> Input data:
__________

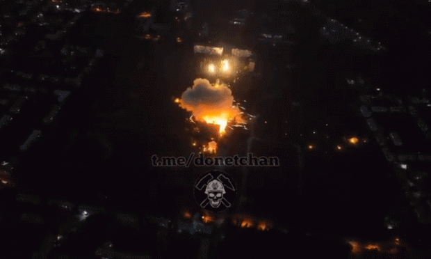 Πλάνα από drone κατά τη διάρκεια της ημέρας δείχνουν μεγάλες ποσότητες πυρομαχικών αποθηκευμένων στην αυλή ενός κτιριακού συγκροτήματος στη Μακίιβκα. Το χτύπημα των Ουκρανών έγινε τη νύχτα και το drone κατέγραψε τη στιγμή της έκρηξης, η οποία προκάλεσε αλυσιδωτή αντίδραση που κράτησε δεκάδες δευτερόλεπτα, με τα ρωσικά πυρομαχικά στην αποθήκη να καταστρέφονται ολοσχερώς. Η Ρωσία κατηγόρησε την ουκρανική επίθεση ότι είχε στόχο ένα νοσοκομείο στη Μακίιβκα, αλλά οι δορυφορικές εικόνες δείχνουν ότι οι Ρώσοι έχουν εγκαταστήσει την κρύπτη των πυρομαχικών τους σε ένα κτίριο στην πόλη, περίπου 300 μέτρα από το νοσοκομείο.
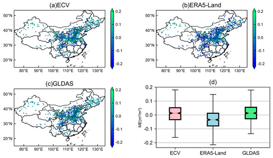Spatial distribution of (a) ECV; (b) ERA5-Land; (c) GLDAS; and box plot (d) of ME-verified in situ observations on 0.1°.
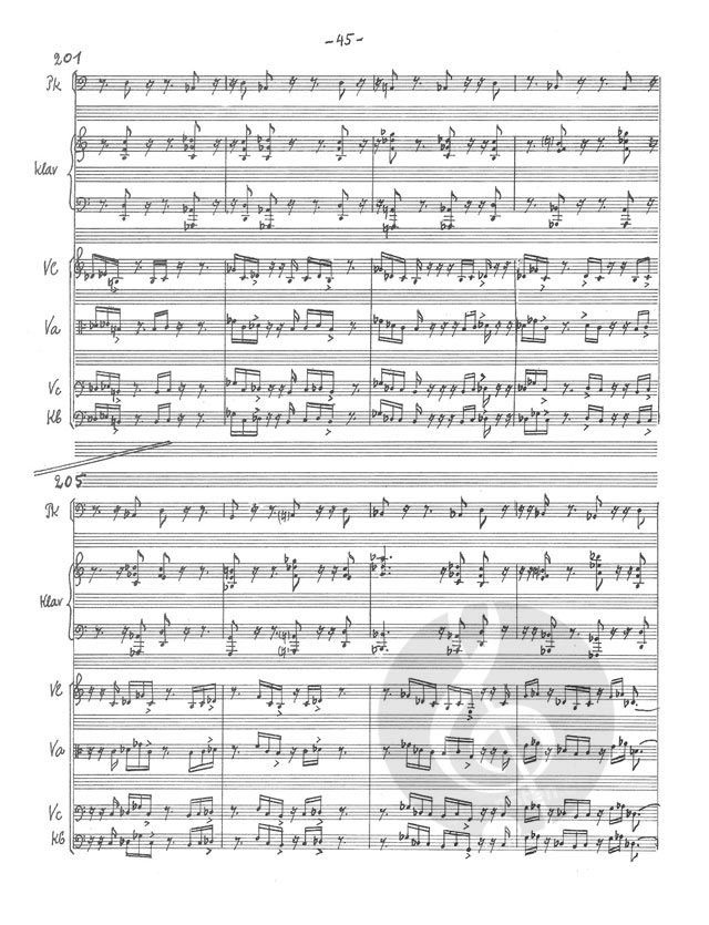KlavSolo, Flöte/ Piccolo, Oboe, Klarinette in b, Fagott/ Kfag, Horn, Trompete, Posaune, Tub, Pauke, Schlagzeug, Streicher (Violine (12), Viola (8), Violoncello (6), Kontrabass (3)) - Studienpartitur
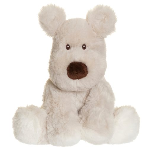 Laadukas pehmolelukoira on pehmoinen ja sillä on niin silkinpehmeä turkki, että sen haluaa ottaa mukaansa kaikkialle. Koiralla on ruskea kuono ja kirjaillut silmät.

__________

> What to work on: Only the pictures are to be left out, and all of the data must otherwise be transcribed exactly.

> Answer for the task:
 Πλάνα από drone κατά τη διάρκεια της ημέρας δείχνουν μεγάλες ποσότητες πυρομαχικών αποθηκευμένων στην αυλή ενός κτιριακού συγκροτήματος στη Μακίιβκα. Το χτύπημα των Ουκρανών έγινε τη νύχτα και το drone κατέγραψε τη στιγμή της έκρηξης, η οποία προκάλεσε αλυσιδωτή αντίδραση που κράτησε δεκάδες δευτερόλεπτα, με τα ρωσικά πυρομαχικά στην αποθήκη να καταστρέφονται ολοσχερώς. Η Ρωσία κατηγόρησε την ουκρανική επίθεση ότι είχε στόχο ένα νοσοκομείο στη Μακίιβκα, αλλά οι δορυφορικές εικόνες δείχνουν ότι οι Ρώσοι έχουν εγκαταστήσει την κρύπτη των πυρομαχικών τους σε ένα κτίριο στην πόλη, περίπου 300 μέτρα από το νοσοκομείο.
Spatial distribution of (a) ECV; (b) ERA5-Land; (c) GLDAS; and box plot (d) of ME-verified in situ observations on 0.1°.
KlavSolo, Flöte/ Piccolo, Oboe, Klarinette in b, Fagott/ Kfag, Horn, Trompete, Posaune, Tub, Pauke, Schlagzeug, Streicher (Violine (12), Viola (8), Violoncello (6), Kontrabass (3)) - Studienpartitur
 Laadukas pehmolelukoira on pehmoinen ja sillä on niin silkinpehmeä turkki, että sen haluaa ottaa mukaansa kaikkialle. Koiralla on ruskea kuono ja kirjaillut silmät.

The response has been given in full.